MojoMoon · 29/01/2022 01:16

Been out to dinner and pub with friends. Taxi home at 12.30

Might slightly regret it at 7am but overall seeing my friends is well worth it and is what life is about - human connection

joysmoy66 · 29/01/2022 01:20

5years-yep that's what he said. He wanted to apologise to her. Not me. Our youngest broke his little heart 18months or so ago when his dad left. He was pacing the house for hours crying, came back,had counselling,now this. I'm dreading tomorrow when he breaks the news to them. Selfish arsehole. We have been great-sleeping together and making plans. Now I find this out AGAIN.I'm not repeating this cycle anymore as hard as it is. I've not read the thread I'm afraid I was just so upset about it all and saw this thread while he's bloody SNORING!!! And just wanted to get it off my chest. Thank you for listening and understanding x

Couchpotato3 · 29/01/2022 01:21

Had physio on my shoulder today and I can move it a bit more than before. Keep having one more go to push it a bit further and making it hurt more.

I've been reading War and Peace (my project for this year is to clear my enormous pile of books that I have been accumulating and not reading for the last 25 years.) I've got less than 100 pages to go, but can't keep going any longer.

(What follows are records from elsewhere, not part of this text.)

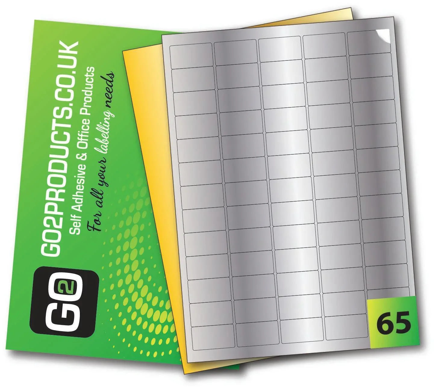 65 Metallic coloured labels per sheet with a strong permanent adhesive, choose from metallic gold or metallic silver paper, suitable for laser printers, handwriting as well as lithographic and digital presses.
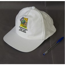 DOIS BONÉS EM BRIM BRANCO. NA FRENTE, ESTAMPA COLORIDA, COM A INSCRIÇÃO 'VAMOS CUIDAR DO BRASIL / II CONFERENCIA NACIONAL INFANTO-JUVENIL PELO MEIO AMBIENTE'. ATRÁS, UM MAPA DO BRASIL E 'CNTI'; E, AINDA, NOME DE INSTITUIÇÕES PARTICIPANTES, 'MINISTÉRIO DO MEIO AMBIENTE', 'MINISTÉRIO DA EDUCAÇÃO', E LOGOMARCA DO GOVERNO FEDERAL.
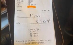 当位于密歇根州(Michigan)一家咖啡馆的服务员得知一位顾客竟然在一张只有32美元的账单上留下了1万美元的小费时,惊呆了!
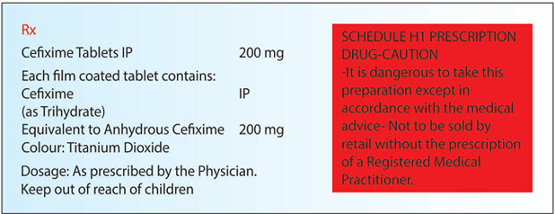 (e) if it contains a drug substance specified in Schedule H1, be labeled with symbol Rx, which shall be in red and conspicuously displayed on the left top corner of the label and shall also be labeled with the following words in legible black coloured font size in completely red rectangular box: (Ministry of Health and Family Welfare G.S.R. 408 (E).)

Overheated due to nice cosy nightie that I don't want to take off and Velcro cat who wants to sit on my chest.

Had a hissy fit this morning and chucked all my toys out of the pram. Still thinking about it (I put a rocket under some work colleagues, which was necessary and produced the desired result but the overall situation is still a worry).

That's me...

RobotValkyrie · 29/01/2022 01:37

Sorry for anyone here having a hard time.

Tonight I can't sleep because I enjoyed my Friday night take away a bit too much so my stomach is too full to sleep! Not complaining, it was worth it...

On another night, it would more likely be my chronic back pain flaring up, or being consumed by anxiety for my disabled son...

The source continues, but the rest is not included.